Data shown:
[Start of Attachment]

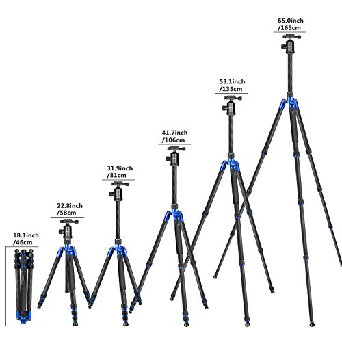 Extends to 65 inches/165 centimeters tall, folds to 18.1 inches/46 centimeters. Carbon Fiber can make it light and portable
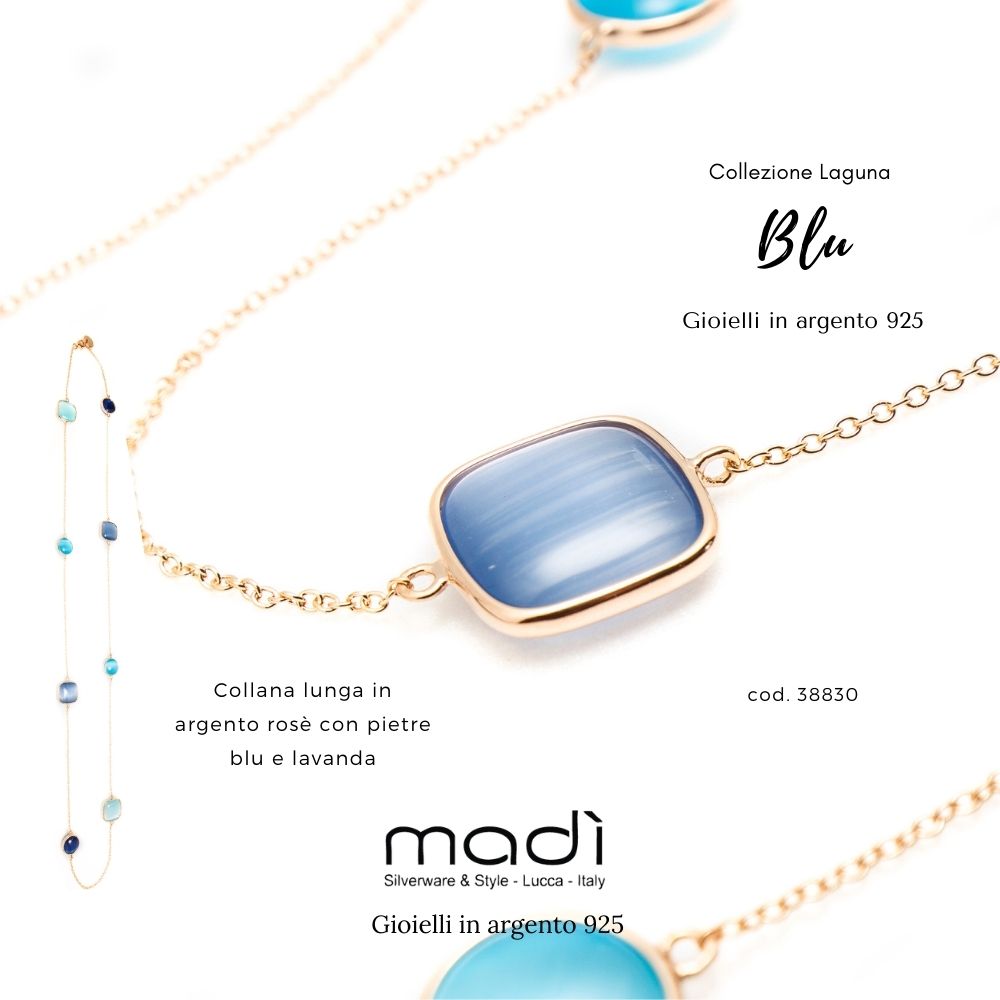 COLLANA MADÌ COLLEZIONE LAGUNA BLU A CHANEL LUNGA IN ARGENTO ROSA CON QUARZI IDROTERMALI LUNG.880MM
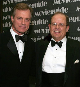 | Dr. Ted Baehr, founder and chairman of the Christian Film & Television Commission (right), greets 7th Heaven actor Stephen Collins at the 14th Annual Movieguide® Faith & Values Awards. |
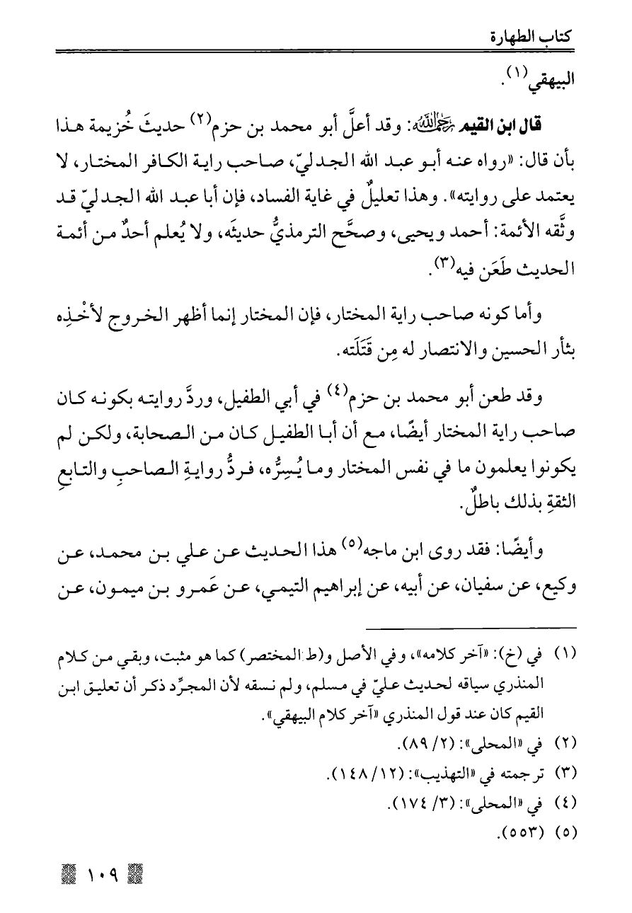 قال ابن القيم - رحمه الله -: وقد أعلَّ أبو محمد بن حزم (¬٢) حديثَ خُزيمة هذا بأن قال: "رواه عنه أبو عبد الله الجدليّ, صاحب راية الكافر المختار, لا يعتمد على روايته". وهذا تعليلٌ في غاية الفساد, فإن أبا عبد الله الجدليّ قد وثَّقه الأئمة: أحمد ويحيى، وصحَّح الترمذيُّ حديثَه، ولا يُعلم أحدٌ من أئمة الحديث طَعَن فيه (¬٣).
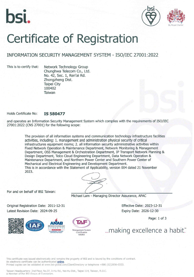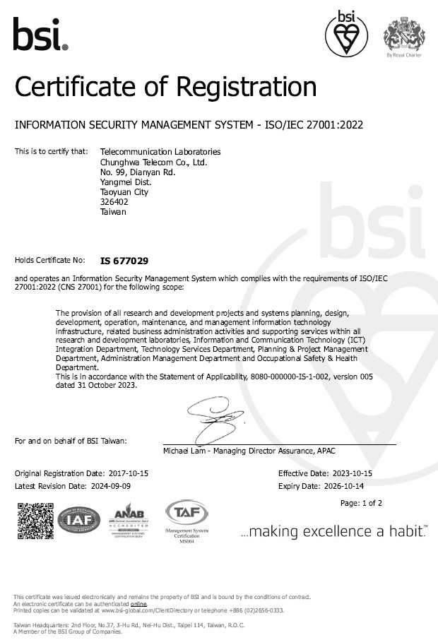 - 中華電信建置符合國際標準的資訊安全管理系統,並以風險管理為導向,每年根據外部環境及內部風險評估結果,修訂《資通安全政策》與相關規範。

[End of Attachment]

Exercise:
Please transcribe word for word the lines from the one bearing "Values Awards. |" through the last line of the records above, omitting the pictures.

Solution to this problem:
 | Dr. Ted Baehr, founder and chairman of the Christian Film & Television Commission (right), greets 7th Heaven actor Stephen Collins at the 14th Annual Movieguide® Faith & Values Awards. |
 قال ابن القيم - رحمه الله -: وقد أعلَّ أبو محمد بن حزم (¬٢) حديثَ خُزيمة هذا بأن قال: "رواه عنه أبو عبد الله الجدليّ, صاحب راية الكافر المختار, لا يعتمد على روايته". وهذا تعليلٌ في غاية الفساد, فإن أبا عبد الله الجدليّ قد وثَّقه الأئمة: أحمد ويحيى، وصحَّح الترمذيُّ حديثَه، ولا يُعلم أحدٌ من أئمة الحديث طَعَن فيه (¬٣).
 - 中華電信建置符合國際標準的資訊安全管理系統,並以風險管理為導向,每年根據外部環境及內部風險評估結果,修訂《資通安全政策》與相關規範。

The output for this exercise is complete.